不意に静雄の目に、体育倉庫の前に居座る先輩二人の姿を見つけた。あの顔は何となく見覚えがある。つい先日、静雄が人間離れした力を失う原因になったかもしれない喧嘩をふっかけてきた輩の内の二人だ。
さっさと立ち去るのが最善――そう思ったのだけれど。
もし臨也がこの辺りを通ったなら、尋ねれば何か分かるかもしれない。短ランに真っ赤なシャツなんて、珍しいこと他ならないのだから。

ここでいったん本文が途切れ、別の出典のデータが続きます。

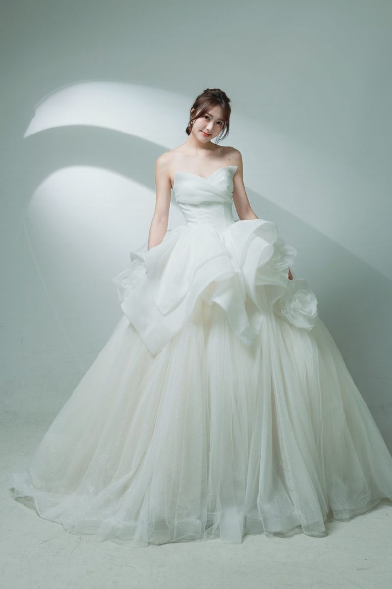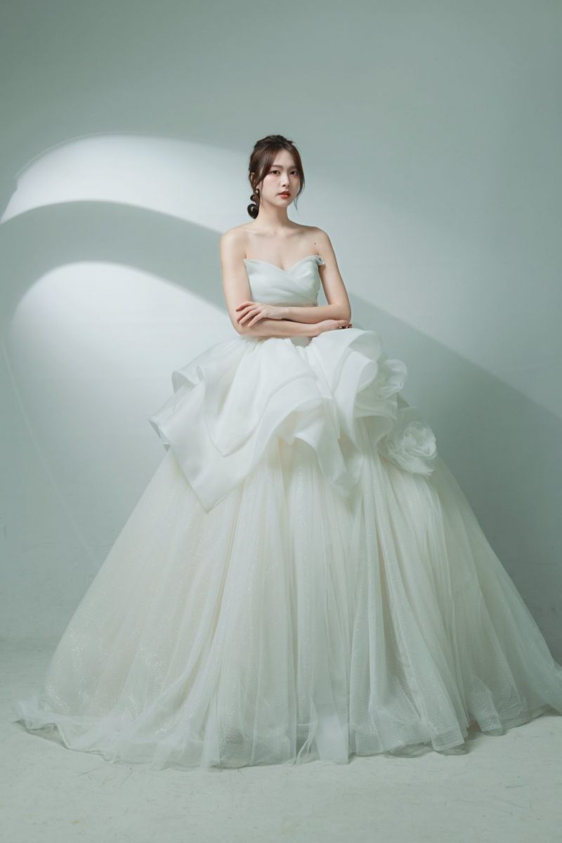 • 整體設計:胸前以大量立體紗花堆疊出如綻放花蕾的造型,視覺焦點集中於上半身。裙擺結構由多層柔霧感薄紗層層堆疊,形成漸層的圓弧蓬度,展現豐盈卻輕盈的公主氣勢。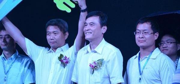 在北京举行的江淮iEV4上市仪式上,安进(左三)将钥匙交给车主。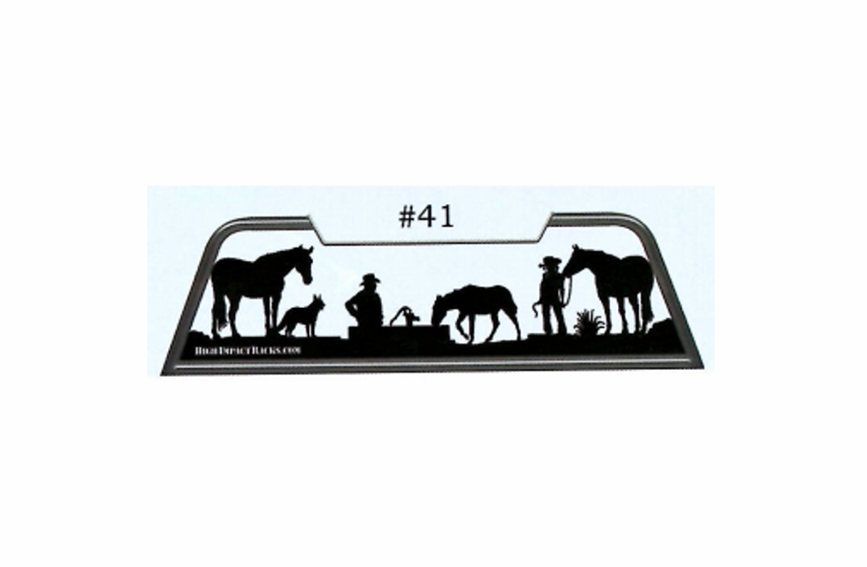 Embrace the simplicity and beauty of ranch life with our Ranch Watering Hole #041 back window rack. Precision-cut from 1/8″ steel and framed with 1 1/2″ tubing, this design captures a peaceful moment on the ranch, featuring a cowboy and his loyal dog near a watering trough, with horses calmly drinking and a ranch hand…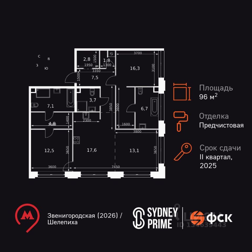 Продаётся 3-к квартира номер 2 общей площадью 96.4 кв.м. на 2-м этаже 9 этажного здания. Отделка Whitebox. Цена с учётом скидки.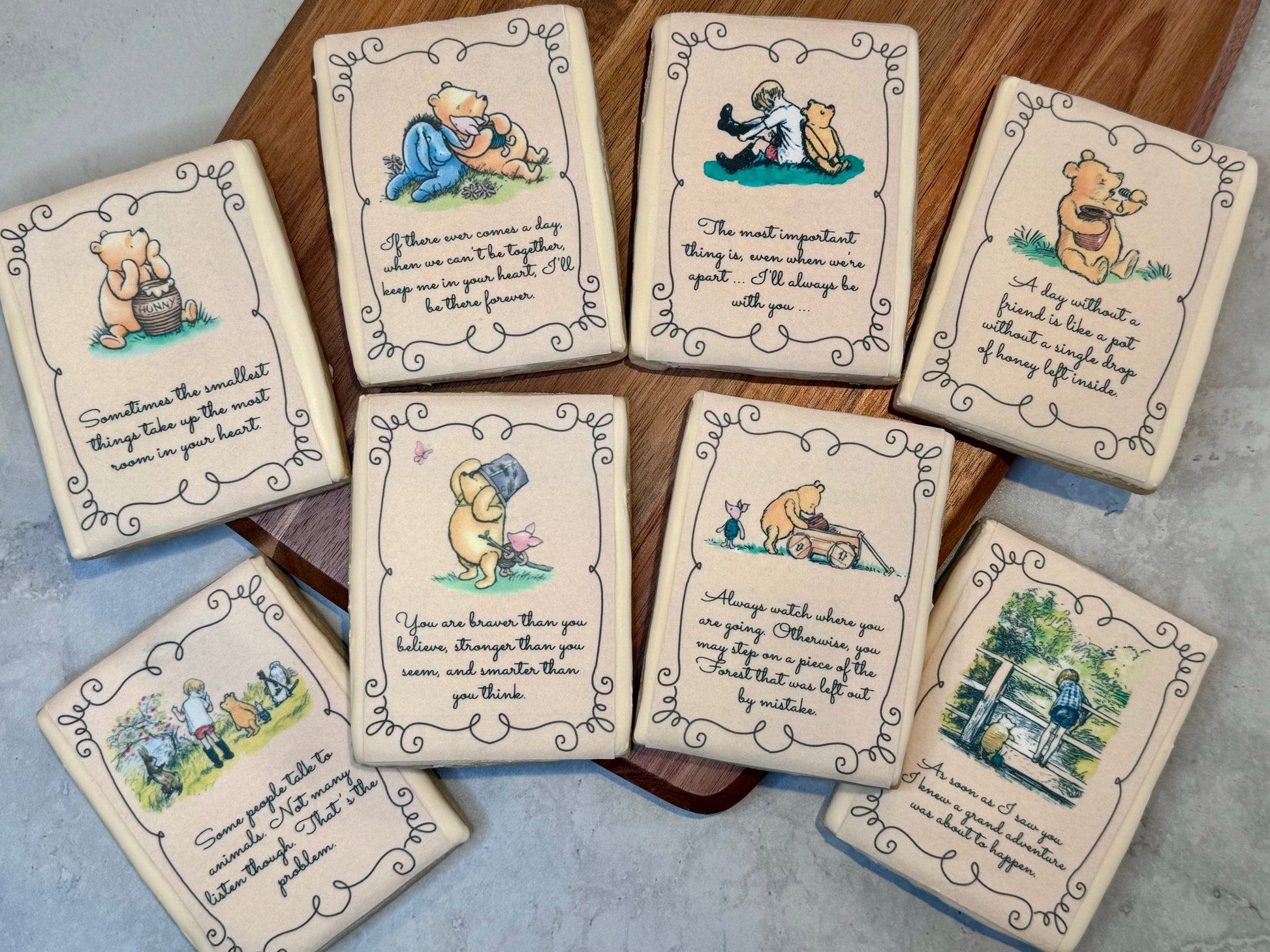 - 6 book pages (Pages are printed on icing sheets with food coloring and attached to a flooded cookie with royal icing. Each cookie will have a different page. You may request specific pages when contacted about pick up day/time. Note: color on printed images can fade when placed in sunlight)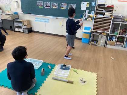 本校のスマイル教室で特別支援教育自立活動学習の公開授業がありました。「いっしょに 考えよう いっしょに 作ろう」というテーマで新聞紙などをつかってびっくりロケットを作成しました。自分の役割をしっかりとこなし、時には協力しながら上手に作っていました。うまく飛んでいったときはとても喜んでいました。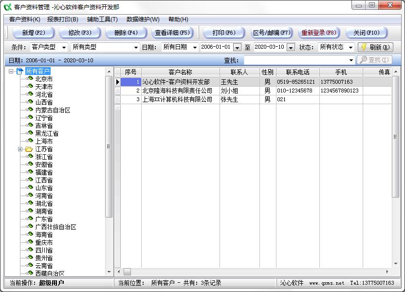 沁心客户资料管理软件是一款可以帮助你管理客户资料的软件,该软件界面简洁、功能实用,帮助你收集、整理、归类、统计和打印客户信息,可以将全国各地区门类繁多的客户信息,有序的进行归类保存,并可通过客户信封、标签打印为您实现和客户的联系与沟通,轻松帮助你完成日常的一系列工作内容,提升你的工作效率和业绩。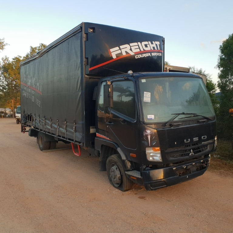 Wrecking Mitsubishi Fuso FK61F curtainside truck. Has good 6M60 turbo motor, 6 speed gearbox and alloy tailgate loader.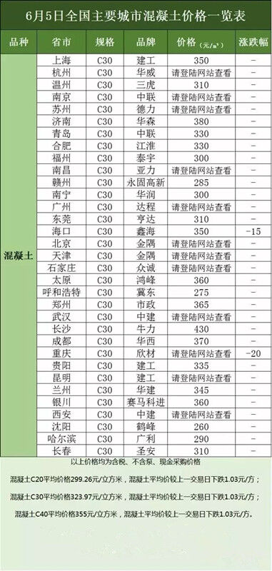 6月5日全國主要城市水泥、混凝土價格表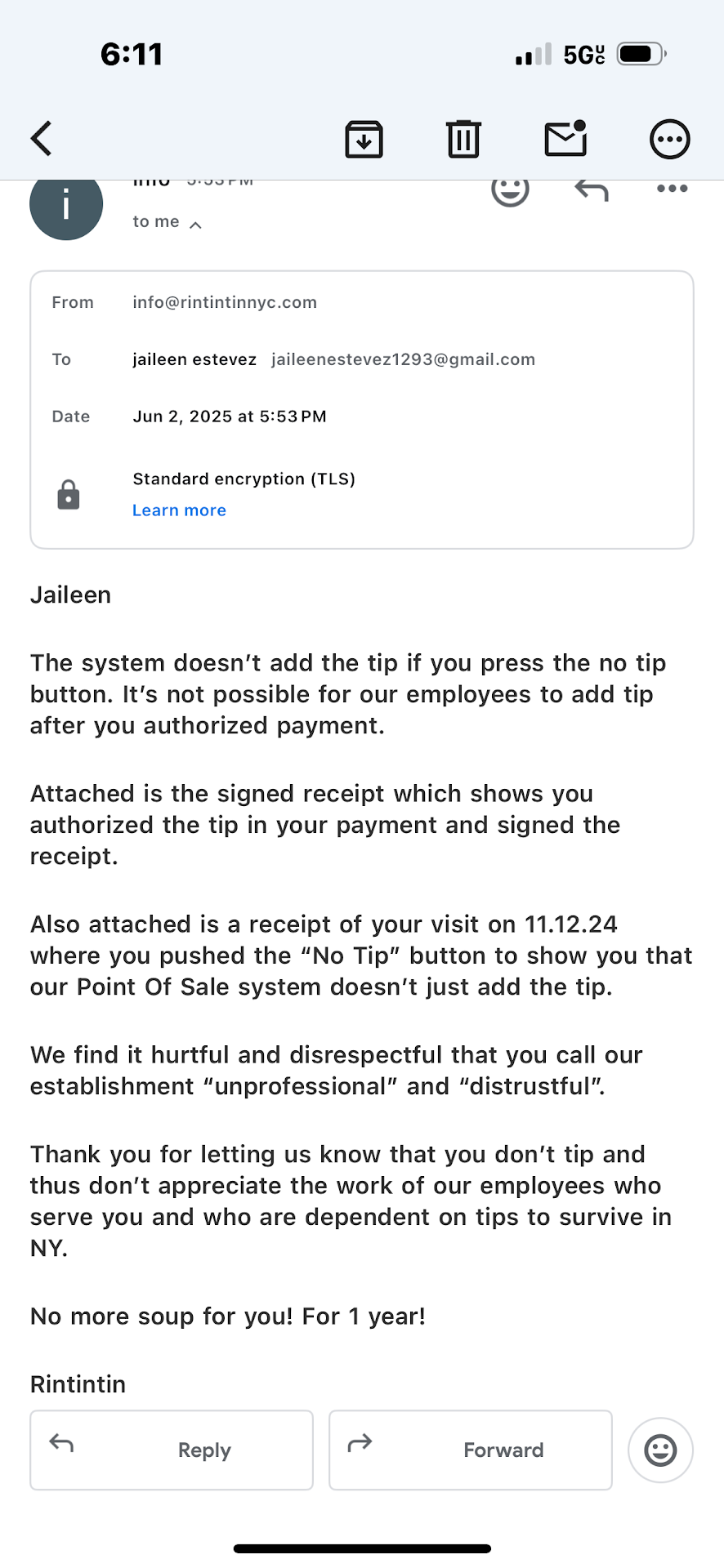 I am writing this review in the hopes that the people from Rintintin realize that this is not okay, and that it could hurt their business, which would be very sad. Hopefully you'll do better. For now I won't be returning anytime soon to a place I used to...

静雄は意を決して近づく。思い切り睨まれ、喧嘩を売っているのかと言ってやりたくなりながらもそれを押さえ込んだ。ここでキレても意味がないし、今のままでは敵わない確率が高い。
何だよ、と警戒心で満ちた声をかけられ、静雄は出来る限りの丁寧な言葉で問いかけた。

「臨也を…短ランで赤いシャツ着た奴、見なかったすかね?」

静雄の言葉に、二人はチラリと視線を交わす。それから、知らないな、とあっさりと返事が返ってきた。
勿論疑わしいとも思ったけれど、一応先輩なのだから、嘘じゃないかと問うのも憚られる。
自分を納得させて、立ち去ろうと踵を返した時だった。

ふと、聞き慣れた声が耳を掠めた。
反射的に辺りを見回すも、周囲に人はいない。
――もしかして。いやでも、まさか。
半信半疑で向き直れば、先刻の二人は倉庫を楽しそうに見やっていた。
かたん。今度は音が響く。それも、体育倉庫から。

ゴッ
鈍い音が鳴った。不良めいた先輩の片方が、驚愕した顔で横凪ぎに倒れ込む。もう片方がテンポが遅れて振り返れば、そこには先刻立ち去ったと思っていた男の姿があった。
――けれど、先程までとは放つ空気が決定的に違う。
そうだ、こいつは平和島静雄。あの、人知を超えた怪力の持ち主。
…けれど、恐怖に震える彼の隣に倒れた男は、フラフラしながら上体を起こす。

「痛ぇじゃねぇか手前!!」

「…は?」

恐怖に呆気を交えた彼に対し、殴られた本人はフラフラしながら立ち上がった。脳震盪でも起こしているのだろう。
静雄はきゅっと目を細めて拳を見つめると、目の前の二人を破るべく睨み付けた。

もしこの二人が何も悪くなくても、自分は知ったことではないのだ。
どんなに力がなくても、どんなに殴られたとしても、自分は平和島静雄に変わりないのだから。